Что-нибудь случилось? спрашивает она меня, будто маленького, раздельно расставляя слова, сочувствуя мне и в то же время не понимая, что происходит.
Простите, говорю я очень покорно и тихо. Мне очень захотелось дотронуться до вас.
Да, признание придумывает разные слова. Вовсе не обязательно произносить всем известные. Достаточно и так: просто прикоснуться. Быть тихим и покорным.
Я не раз ругал себя потом: надо было поцеловать по-хамски, да и всё. Не спрашивая никаких разрешений.
Но для этого мне надо было жить в другом времени. И не учиться в мужской школе.
26
Три последних месяца года и половина января в придачу как будто слились в один миг, безоглядно счастливый.
В назначенный час, выполнив самые важные обязательства, мы встречались на углу под фонарём, не всегда горевшим, и я научился различать в полутьме её походку: вот она пробежалась, вот почему-то обернулась, шапка, воротник, всё такое знакомое, узнаваемое, будто я её знал всегда, всю свою жизнь.
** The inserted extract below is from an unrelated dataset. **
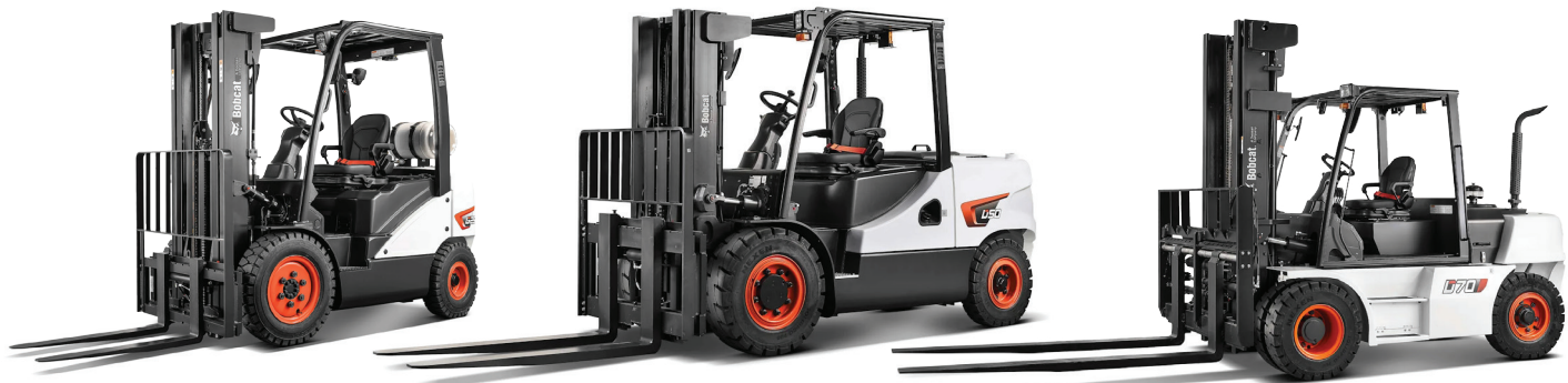
Light Duty Forklift – Diesel/LPG

Конечно, я всегда приходил раньше, в этом было какое-то тайное сладострастие: ждать её, различать среди других фигур, узнавать и радоваться узнаванию.
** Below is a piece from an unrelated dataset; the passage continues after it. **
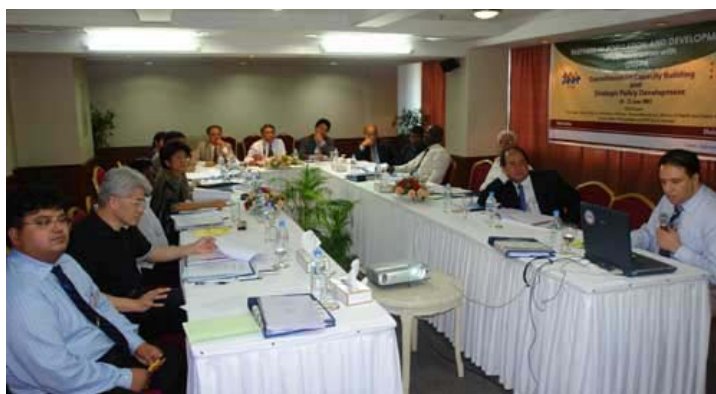
Participants in one of the sessions of the workshop

The experts reviewed and discussed the contents of the modules at the meeting. The following issues were discussed during the meeting:
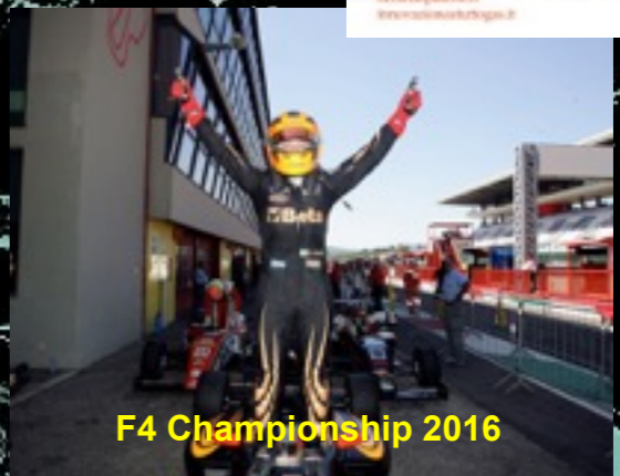
F4 Championship 2016

Мы бродили по городу, свежий снег скрипел под ногами, и под этот скрип она рассказывала про свой класс, подругу Лёлю, учителей с их странностями боже мой, все школьники, наверное, говорят о похожем. Нет, она не занималась спортом в секциях, не ходила в кружки, библиотеки посещала, но как все, предпочитая не читальный зал, а уютный домашний диван, и стремилась прочитать то, что требовалось по программе, это же очень немало! Я восхищался, мне не хватало такой дисциплинированности, «Город жёлтого дьявола» Горького я, к примеру, был не в состоянии освоить, а она не просто читала, но кое-что для памяти записывала, конспектировала и объясняла, что это очень удобно, особенно перед экзаменами полистал и всё вспомнил. Любимые же её предметы физика, но особенно химия увы, увы, здесь у нас не находилось общего языка, она что-то пробовала пояснить на обычных предметах про валентность, но я рассмеялся, поднял руки, объяснил, что дальше этилоксиметилпарафенилендиаминсульфата мои познания не идут, простите, ох!
Она посмотрела на меня, как на сумасшедшего гения из какого-нибудь девятнадцатого класса, если бы такой был. Но этот фокус я заготовил ещё с первых прогулок, когда Вероника лишь обмолвилась про химию. В библиотечном справочнике я обнаружил формулу средней тяжести, списал её и три дня разучивал, тщательно уклоняясь от приближения к предмету её слабости.
Через десять минут на большее не хватило высокоумного разговора, неуверенно блуждая между гидрохиноном, сульфатом натрия и метолом, составными частями фотоматериалов, я признался, как учил формулу из справочника, как хотелось мне потрясти её воображение, и она хохотала до слёз, до упаду, прислоняясь даже, наверное, не замечая сама, плечом своего пальто к моему плечу. Я только того и хотел!
Потом настала эпопея «Тарзана» с Джонни Вайсмюллером, и мы ходили вечерами в кино. Мать разрешала ей возвращаться домой не позже девяти, но кино начиналось в восемь, а заканчивалось около десяти. Под этим предлогом была получена отсрочка на целый час.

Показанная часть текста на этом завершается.